-- Material provided follows --

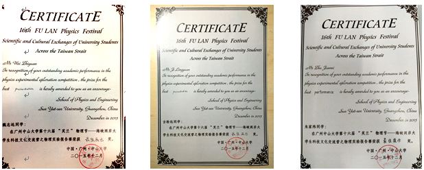 在4日下午和晚上的“南粤文化之旅”活动中,队员们参观了中山纪念堂、陈氏书院、荔湾公园和珠江夜景。期间,队员们与其他学校的同学们讨论了很多物理问题,也在两岸文化教育等方面分享了很多观点。5日下午的物理实验中,三名队员经过抽签分到三个不同的实验小组参与实验。经过与同组同学的讨论与协作,各组均顺利完成了实验要求。我校三位队员在6日报告赛中均作为本组的主控队员上台作报告。最终魏志远与吉聆远所在小组获“最佳展示奖”,朱家纬所在小组获“最佳操作奖”。
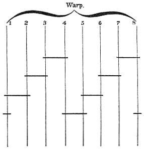 There is a variety of diagonal weaving practiced by the Navajos which produces diamond figures; for this the mechanism is the same [Pg 384]as that just described, except that the healds are arranged differently on the warp. The following diagram will explain this arrangement.
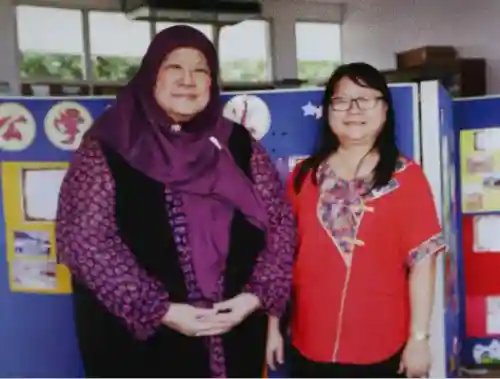 莎莉娜(左)在直落甘望中华公学五年级时转校,但她时而也会重返小学探望师长们。右者为现任直落甘望中华公学校长许秀兰。(马来西亚《》)
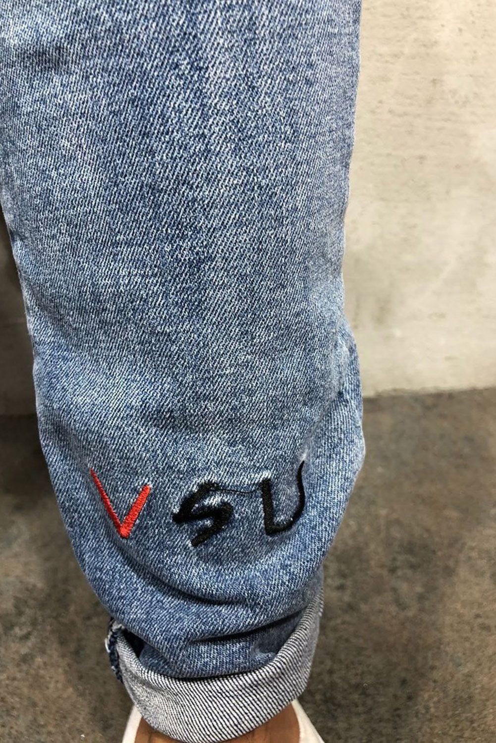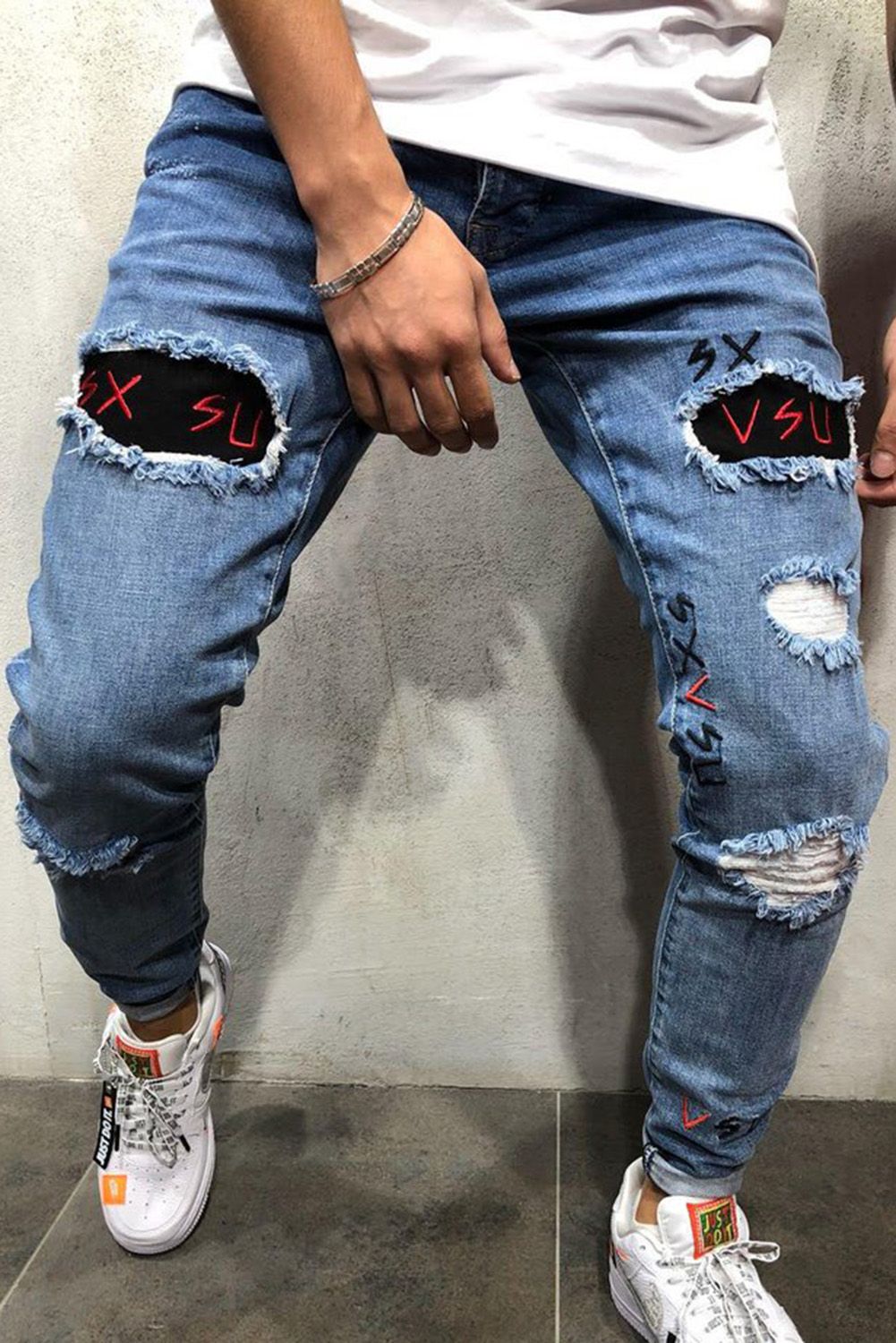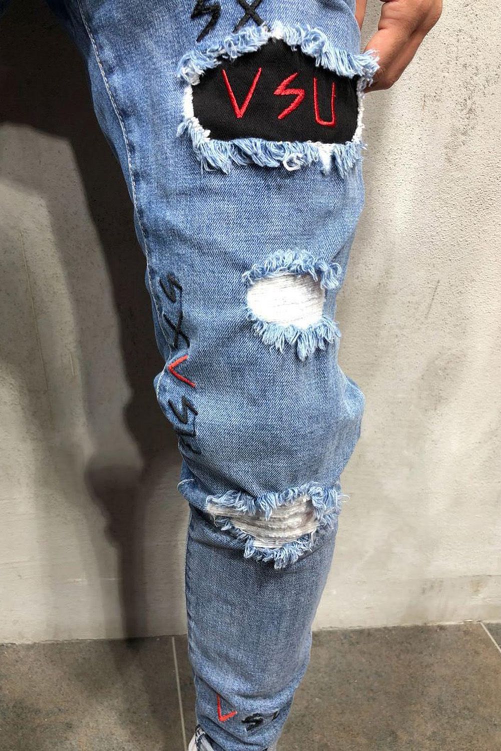 Men's Embroidered Ripped Jeans
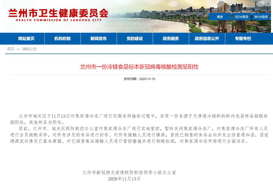 蘭州市城關區于11月13日對焦家灣冷凍廠進行定期采樣抽檢過程中,發現一份來源于天津港冷鏈蝦的蝦內包裝樣品核酸檢測陽性,其他樣品為陰性。
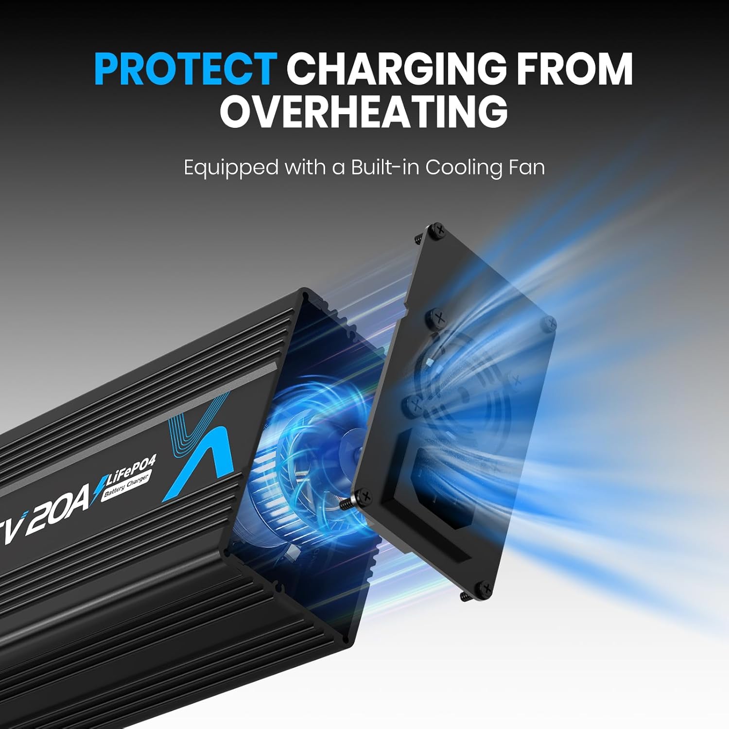 - Ampla Voltagem e Boa Dissipação de Calor: Com uma ampla faixa de voltagem de entrada e múltiplas características de proteção, o carregador apresenta alta confiabilidade. O ventilador embutido melhora a dissipação de calor, garantindo que o carregador opere em condições ideais. O Carregador Inteligente 14.6V 20A é projetado especificamente para baterias LiFePO4 de 12V, maximizando o desempenho da bateria e prolongando sua vida útil.
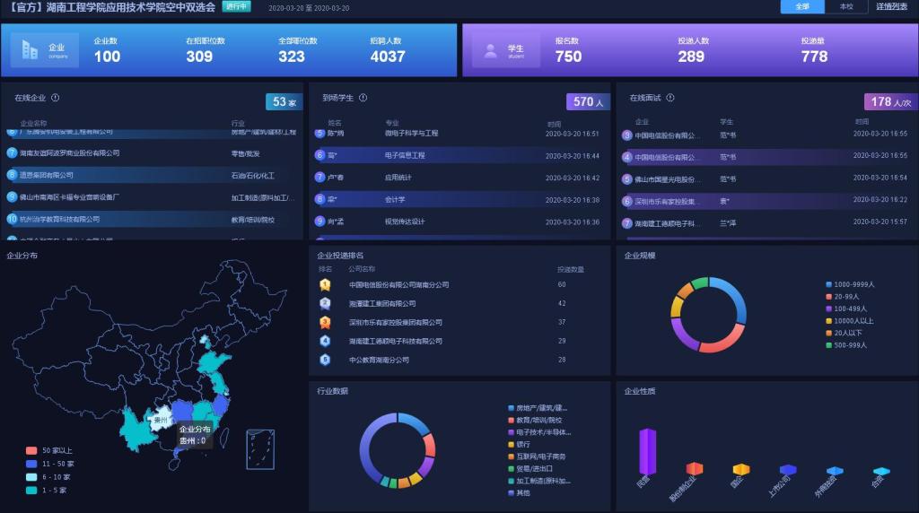 3月20日,春分之日,春暖花开,bv1946伟德国际始于英国举办的首场空中双选会在云端展开。来自湖南、广深、江浙沪的100家企业,为毕业生提供了323个职位,4037个岗位。当天来到空中展会大厅的学生共570人,有289名学生投出778份简历,178名同学接受了企业的远程视频面试。
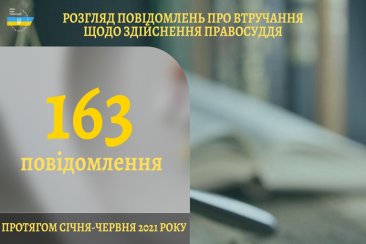 Із початку року до ВРП надійшло 152 повідомлення про втручання у професійну діяльність суддів щодо здійснення правосуддя та дії, що порушують гарантії незалежності суддів або підривають авторитет правосуддя. З урахуванням повідомлень, які надійшли в попередні періоди, у першому півріччі Рада розглянула 163 повідомлення.
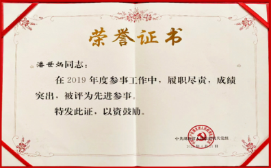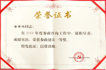 2020年7月,中共湖北省政府機(jī)關(guān)黨組印發(fā)《關(guān)于表彰2019年度先進(jìn)參事和參事工作單項(xiàng)獎(jiǎng)獲獎(jiǎng)參事的通報(bào)》,省政府參事、永業(yè)行董事長(zhǎng)潘世炳榮獲先進(jìn)參事、參政建議一等獎(jiǎng)。
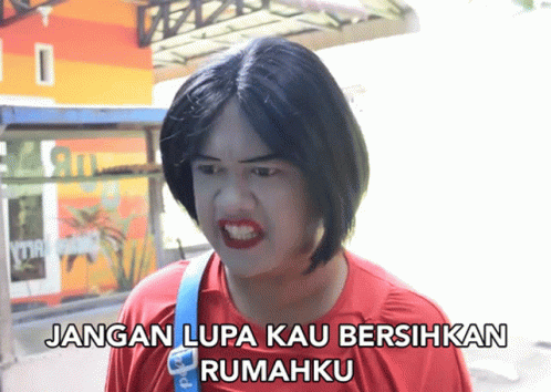 Woman in red shirt with dramatic makeup reminds viewers, 'Don't forget to clean my house!' from Warintil Official.

-- Material provided concluded --

Print, exactly as written, the lines above from the first one to the one containing "3月20日,春分之日,春暖花". Leave out pictures.

 在4日下午和晚上的“南粤文化之旅”活动中,队员们参观了中山纪念堂、陈氏书院、荔湾公园和珠江夜景。期间,队员们与其他学校的同学们讨论了很多物理问题,也在两岸文化教育等方面分享了很多观点。5日下午的物理实验中,三名队员经过抽签分到三个不同的实验小组参与实验。经过与同组同学的讨论与协作,各组均顺利完成了实验要求。我校三位队员在6日报告赛中均作为本组的主控队员上台作报告。最终魏志远与吉聆远所在小组获“最佳展示奖”,朱家纬所在小组获“最佳操作奖”。
 There is a variety of diagonal weaving practiced by the Navajos which produces diamond figures; for this the mechanism is the same [Pg 384]as that just described, except that the healds are arranged differently on the warp. The following diagram will explain this arrangement.
 莎莉娜(左)在直落甘望中华公学五年级时转校,但她时而也会重返小学探望师长们。右者为现任直落甘望中华公学校长许秀兰。(马来西亚《》)
 Men's Embroidered Ripped Jeans
 蘭州市城關區于11月13日對焦家灣冷凍廠進行定期采樣抽檢過程中,發現一份來源于天津港冷鏈蝦的蝦內包裝樣品核酸檢測陽性,其他樣品為陰性。
 - Ampla Voltagem e Boa Dissipação de Calor: Com uma ampla faixa de voltagem de entrada e múltiplas características de proteção, o carregador apresenta alta confiabilidade. O ventilador embutido melhora a dissipação de calor, garantindo que o carregador opere em condições ideais. O Carregador Inteligente 14.6V 20A é projetado especificamente para baterias LiFePO4 de 12V, maximizando o desempenho da bateria e prolongando sua vida útil.
 3月20日,春分之日,春暖花开,bv1946伟德国际始于英国举办的首场空中双选会在云端展开。来自湖南、广深、江浙沪的100家企业,为毕业生提供了323个职位,4037个岗位。当天来到空中展会大厅的学生共570人,有289名学生投出778份简历,178名同学接受了企业的远程视频面试。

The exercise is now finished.